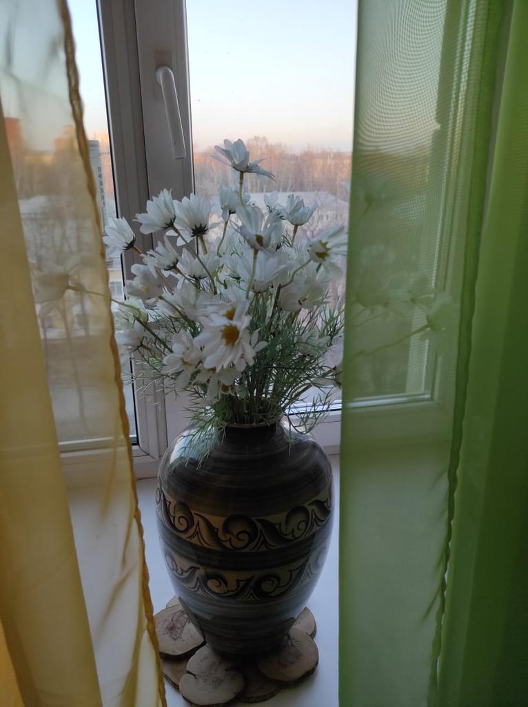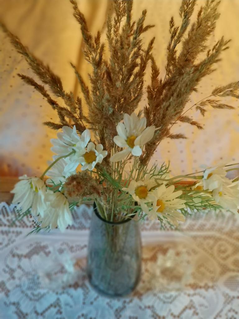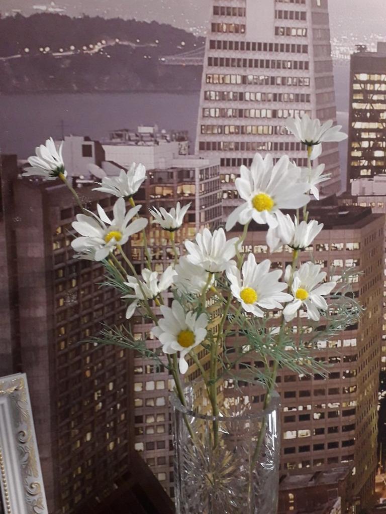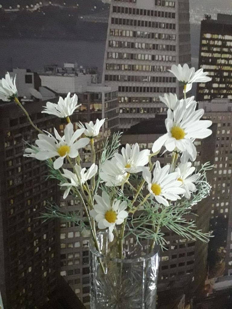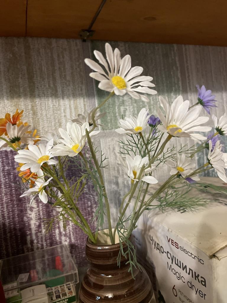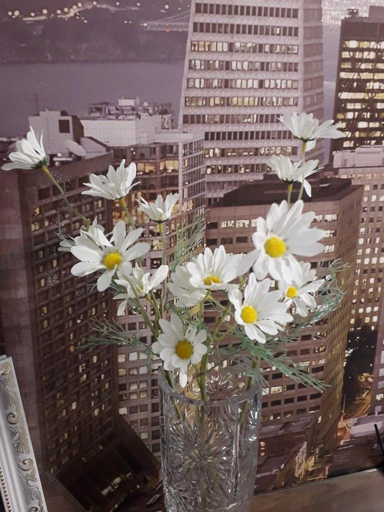 Daisies are wonderful, only one more branch was needed, then it would have looked better. Thanks for the decoration.
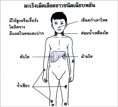 * อาการต่อมน้ำเหลืองโต (มีก้อนบวมที่บริเวณคอ รักแร้ ขาหนีบ) ซึ่งอาจตรวจพบในผู้ป่วยมะเร็งเม็ดเลือดขาวเฉียบพลัน อาจเกิดจากมะเร็งชนิดอื่นๆ (เช่น มะเร็งช่องคอ มะเร็งต่อมน้ำเหลือง)
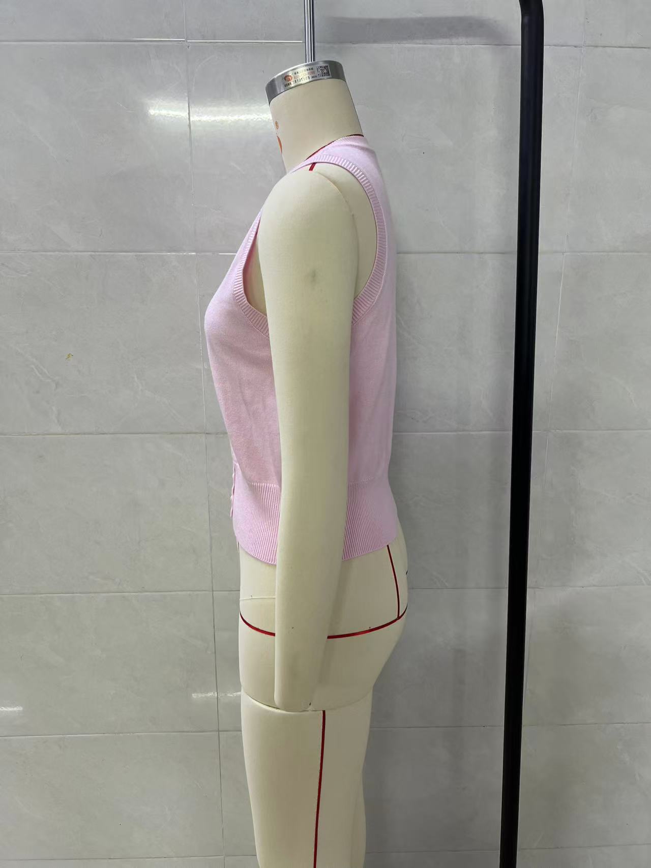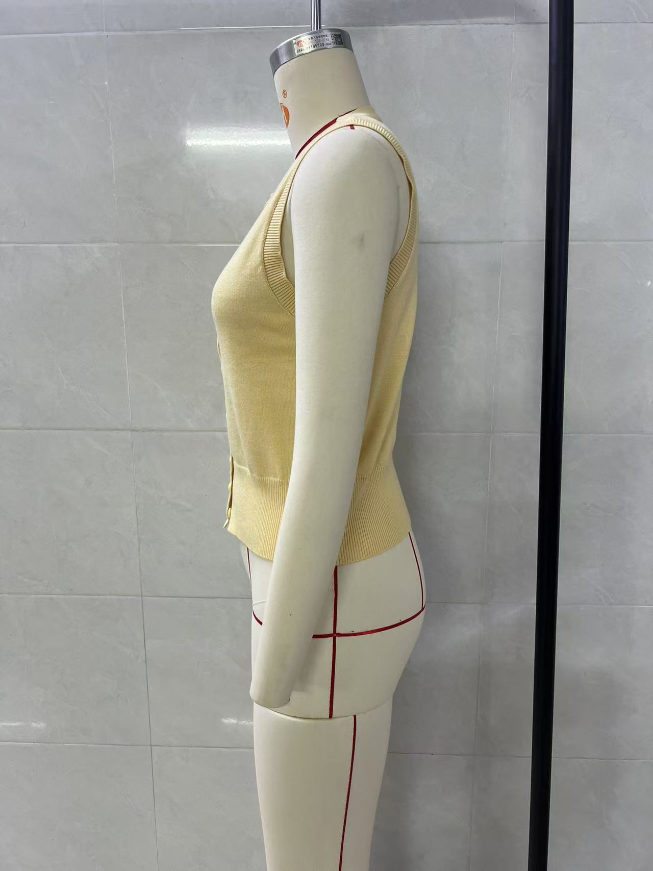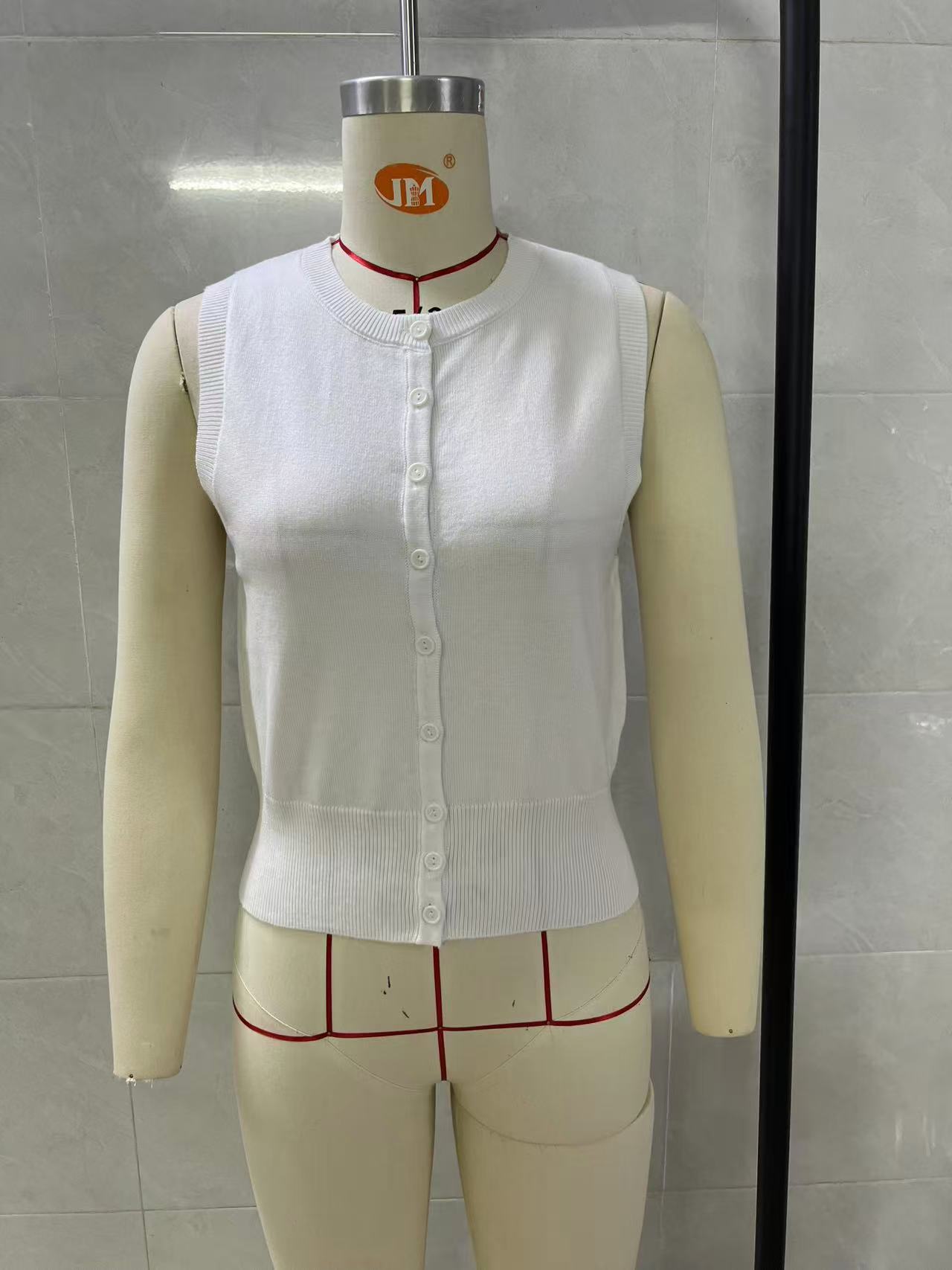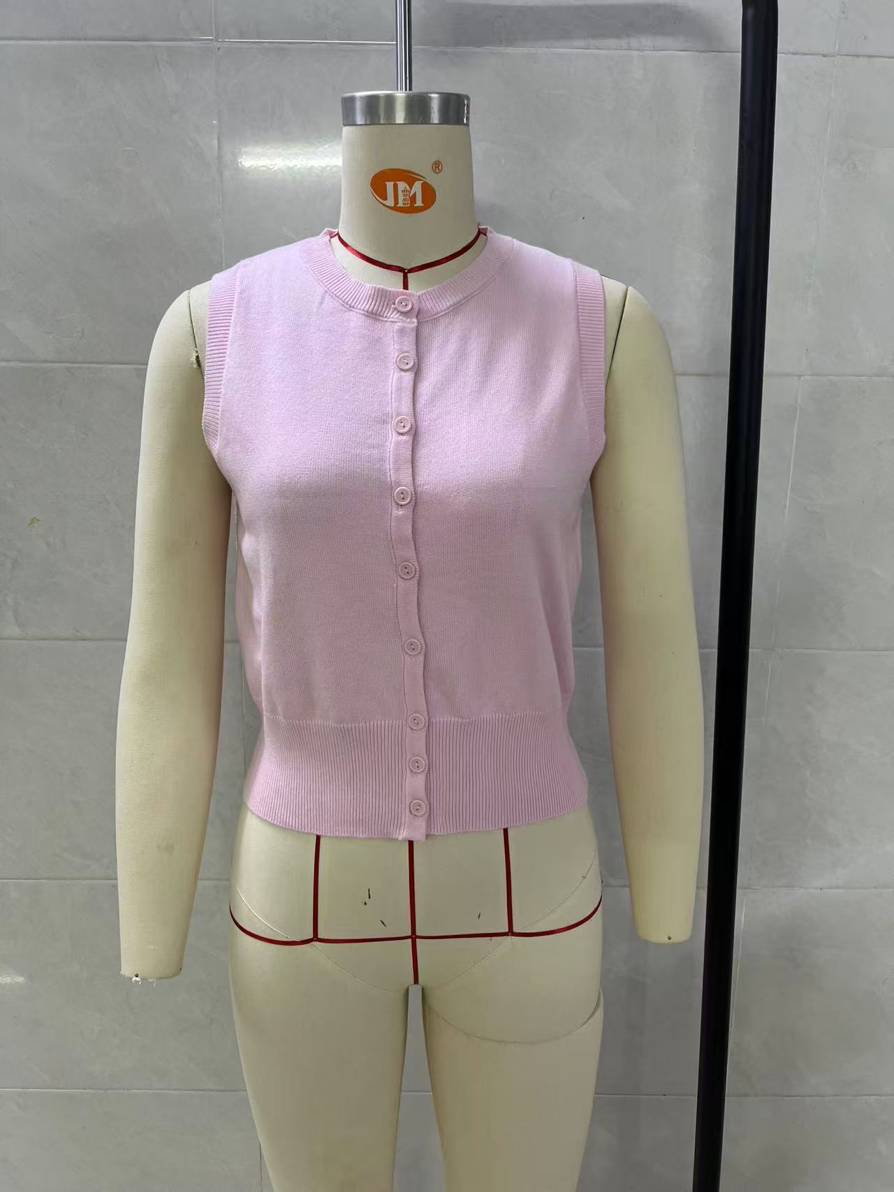 Europeo y Americano Transfronterizo Amazon Verano Nuevo Top de Punto para Mujer Sexy Sin Mangas Ropa Exterior Chaleco de Botones Chaleco para Mujer
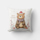 "This adorable illustration features a cheerful brown teddy bear wearing a festive red and white Santa hat and a cozy striped scarf. The bear has rosy cheeks and a soft, plush look, making it incredibly inviting. This charming graphic is perfect for children's Christmas apparel, holiday cards, ornaments, cozy blankets, or any product celebrating the sweet and simple joys of the holiday season."
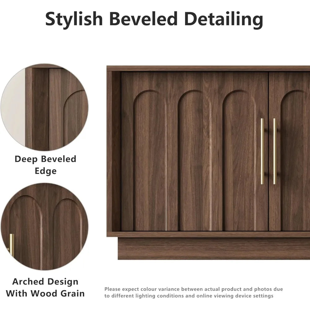 Adjustable Storage: Flexible shelving behind four doors adapts to your media and storage needs.
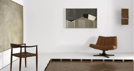 La cita, realizada por José de la Mano y Studiolire –dirigida por Reula y dedicada al diseño español del siglo XX– se ha organizado en torno a media docena de estancias. Espacios o ambientes acogedores en los que los objetos de diseño –mesas, sillas, lámparas cerámicas– dialogan con pinturas abstracto-geométricas y maquetas.
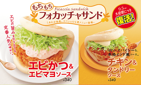 7月にご好評頂きました「エビかつ&エビマヨソース」「チキン&タンドリーソース」を2013年9月5日(木)より再販売致します。こちらの商品はオリジナルフォカッチャを使用しています。こだわりは“もちもちの食感”。たんぱく質とミネラルを多く含む小麦を使用し、水分が飛ばないように短時間で焼き上げ“しっとり、もっちり”と仕上げました。具材には、より豊かな食感の組み合わせが楽しめるプリプリのエビかつ、ジューシーなチキンをサンド、この夏限定の美味しさを是非ご賞味ください。
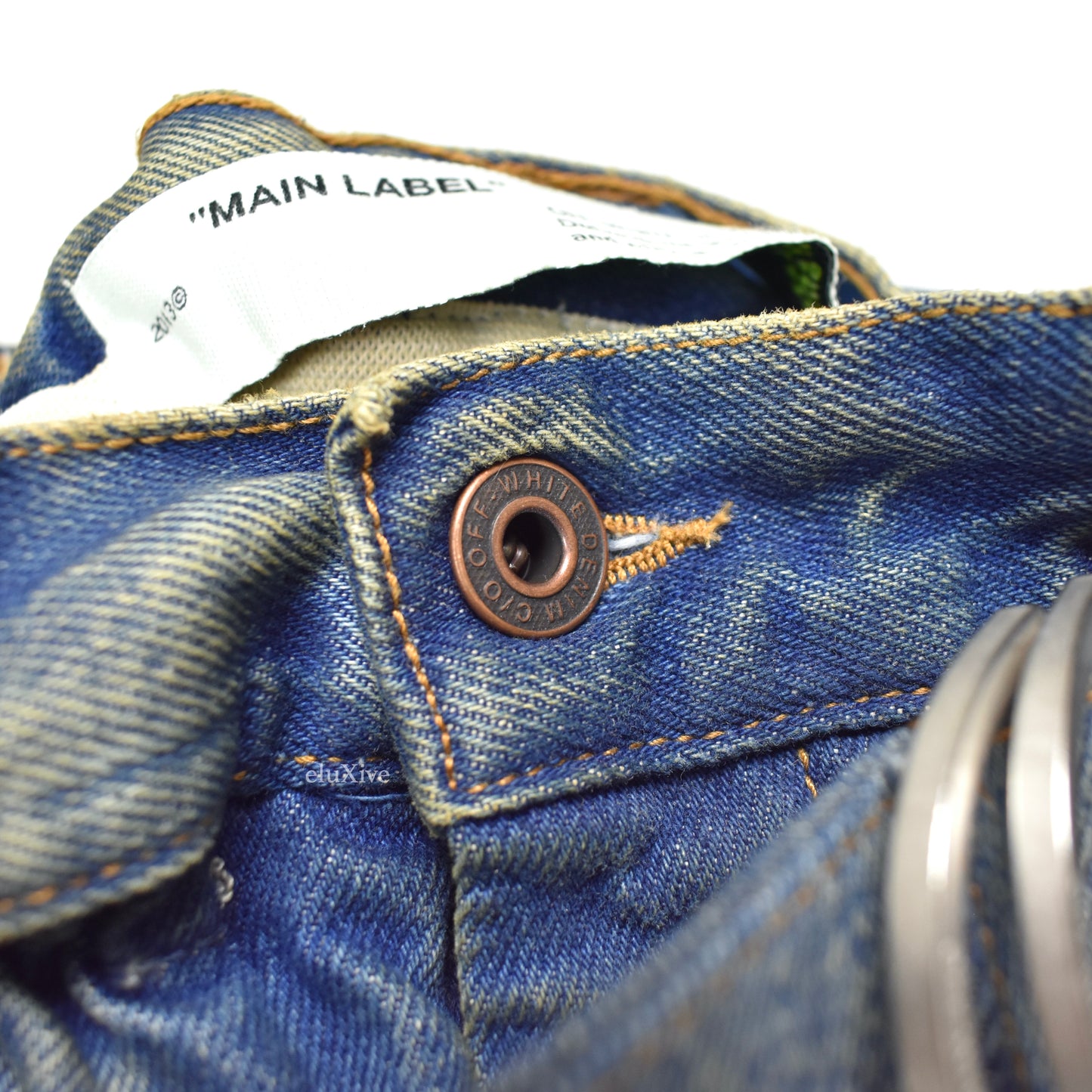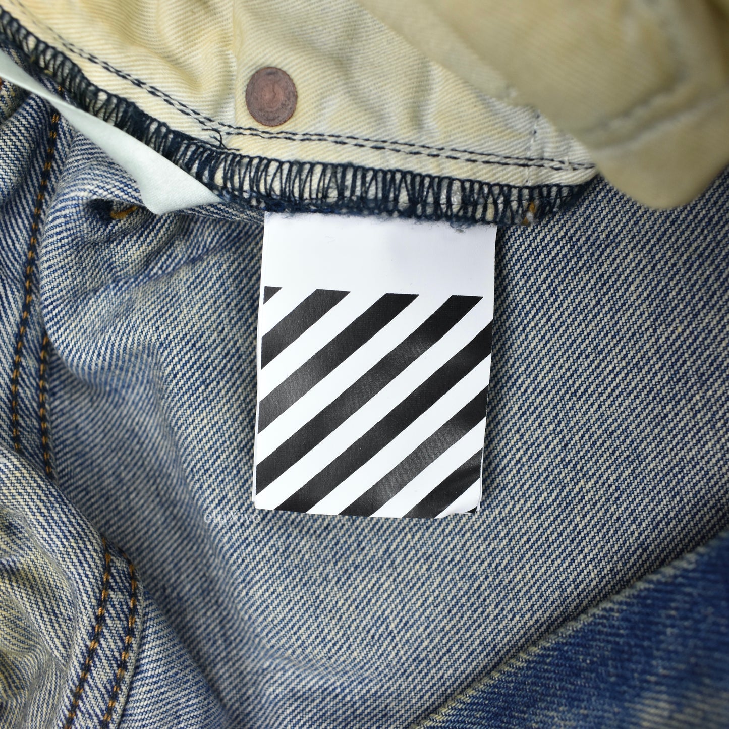 - Off-White logo metal hardware, light green "DENIM LABEL" on back
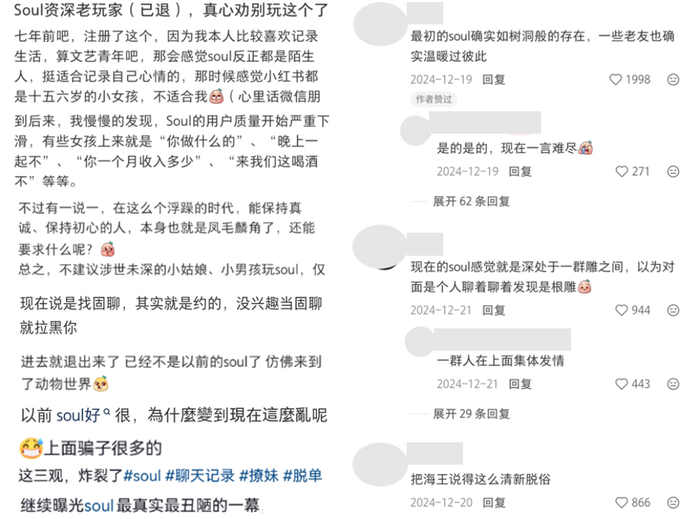 在抖音、小红书等平台上随手一搜,基本都是Soul的吐槽帖子:骗人的、出轨的、炸三观的、海王横行、动物世界……平台氛围逐渐变味,久而久之,也就有一些老玩家退了。
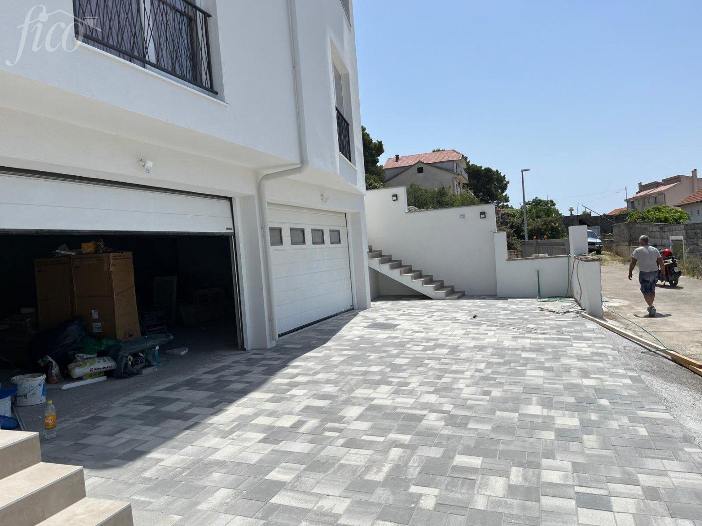 Novostavba apartmánového domu v atraktivní lokalitě ve 2. řadě k moři s panoramatickým výhledem na moře s celkovou užitnou plochou 56,47 m2. Byt má moderní design, funkční dispozici a nachází se v 1. patře bytového domu s jihozápadní orientací. Skládá se z chodby, koupelny, obývacího pokoje s kuchyní a jídelnou, předsíně a dvou ložnic. Je postaven z kvalitních materiálů, vybaven klimatizacemi Panasonic (multisplit systém) v každé místnosti, elektrickým podlahovým vytápěním v celém bytě, plastovými okny s hliníkovými žaluziemi se sítěmi proti hmyzu, bezpečnostními/protipožárními dveřmi. K bytu náleží dvůr 15,05 m2, jedno garážové stání 14,5 m2 (elektrická garážová vrata Hormann) a komora. Byt je 70 m od pláže a 1200 m od centra města, rok výstavby 2023.
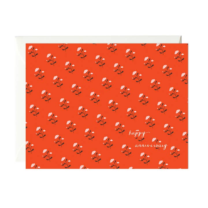 A2-kort (4,25 tum x 5,5 tum). Blank inuti. Tryckt på naturvit kartong och individuellt förpackad med ett matchande kuvert i en genomskinlig plasthylsa.
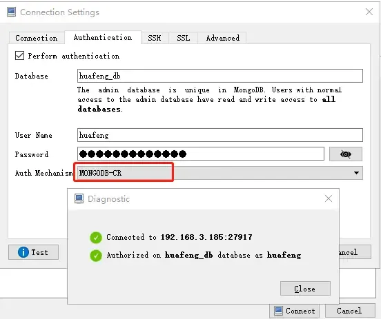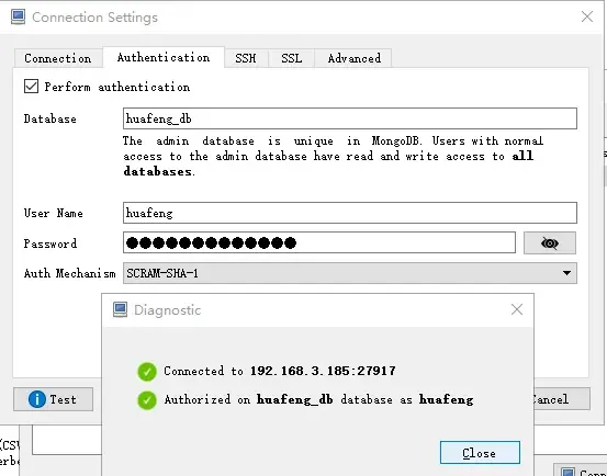 当我们把验证方式改为SCRAM-SHA-1时,却可以如图验证成功
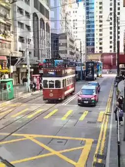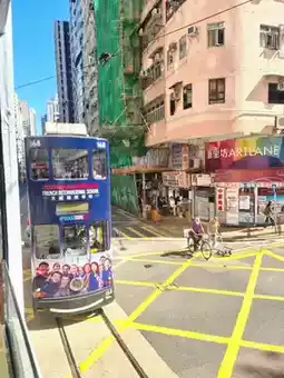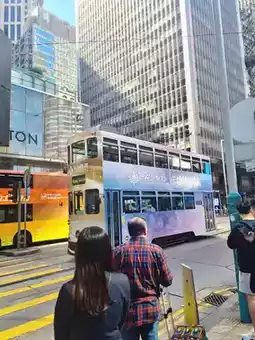 // (Board the tram from the rear without paying yet. It’s recommended to sit on the upper deck if you want to enjoy beautiful views of Hong Kong.
----------
- [ACTION ITEM] All of the listing is to be written out exactly, with the pictures left out.

- [OUTPUT]
 Daisies are wonderful, only one more branch was needed, then it would have looked better. Thanks for the decoration.
 * อาการต่อมน้ำเหลืองโต (มีก้อนบวมที่บริเวณคอ รักแร้ ขาหนีบ) ซึ่งอาจตรวจพบในผู้ป่วยมะเร็งเม็ดเลือดขาวเฉียบพลัน อาจเกิดจากมะเร็งชนิดอื่นๆ (เช่น มะเร็งช่องคอ มะเร็งต่อมน้ำเหลือง)
 Europeo y Americano Transfronterizo Amazon Verano Nuevo Top de Punto para Mujer Sexy Sin Mangas Ropa Exterior Chaleco de Botones Chaleco para Mujer
 "This adorable illustration features a cheerful brown teddy bear wearing a festive red and white Santa hat and a cozy striped scarf. The bear has rosy cheeks and a soft, plush look, making it incredibly inviting. This charming graphic is perfect for children's Christmas apparel, holiday cards, ornaments, cozy blankets, or any product celebrating the sweet and simple joys of the holiday season."
 Adjustable Storage: Flexible shelving behind four doors adapts to your media and storage needs.
 La cita, realizada por José de la Mano y Studiolire –dirigida por Reula y dedicada al diseño español del siglo XX– se ha organizado en torno a media docena de estancias. Espacios o ambientes acogedores en los que los objetos de diseño –mesas, sillas, lámparas cerámicas– dialogan con pinturas abstracto-geométricas y maquetas.
 7月にご好評頂きました「エビかつ&エビマヨソース」「チキン&タンドリーソース」を2013年9月5日(木)より再販売致します。こちらの商品はオリジナルフォカッチャを使用しています。こだわりは“もちもちの食感”。たんぱく質とミネラルを多く含む小麦を使用し、水分が飛ばないように短時間で焼き上げ“しっとり、もっちり”と仕上げました。具材には、より豊かな食感の組み合わせが楽しめるプリプリのエビかつ、ジューシーなチキンをサンド、この夏限定の美味しさを是非ご賞味ください。
 - Off-White logo metal hardware, light green "DENIM LABEL" on back
 在抖音、小红书等平台上随手一搜,基本都是Soul的吐槽帖子:骗人的、出轨的、炸三观的、海王横行、动物世界……平台氛围逐渐变味,久而久之,也就有一些老玩家退了。
 Novostavba apartmánového domu v atraktivní lokalitě ve 2. řadě k moři s panoramatickým výhledem na moře s celkovou užitnou plochou 56,47 m2. Byt má moderní design, funkční dispozici a nachází se v 1. patře bytového domu s jihozápadní orientací. Skládá se z chodby, koupelny, obývacího pokoje s kuchyní a jídelnou, předsíně a dvou ložnic. Je postaven z kvalitních materiálů, vybaven klimatizacemi Panasonic (multisplit systém) v každé místnosti, elektrickým podlahovým vytápěním v celém bytě, plastovými okny s hliníkovými žaluziemi se sítěmi proti hmyzu, bezpečnostními/protipožárními dveřmi. K bytu náleží dvůr 15,05 m2, jedno garážové stání 14,5 m2 (elektrická garážová vrata Hormann) a komora. Byt je 70 m od pláže a 1200 m od centra města, rok výstavby 2023.
 A2-kort (4,25 tum x 5,5 tum). Blank inuti. Tryckt på naturvit kartong och individuellt förpackad med ett matchande kuvert i en genomskinlig plasthylsa.
 当我们把验证方式改为SCRAM-SHA-1时,却可以如图验证成功
 // (Board the tram from the rear without paying yet. It’s recommended to sit on the upper deck if you want to enjoy beautiful views of Hong Kong.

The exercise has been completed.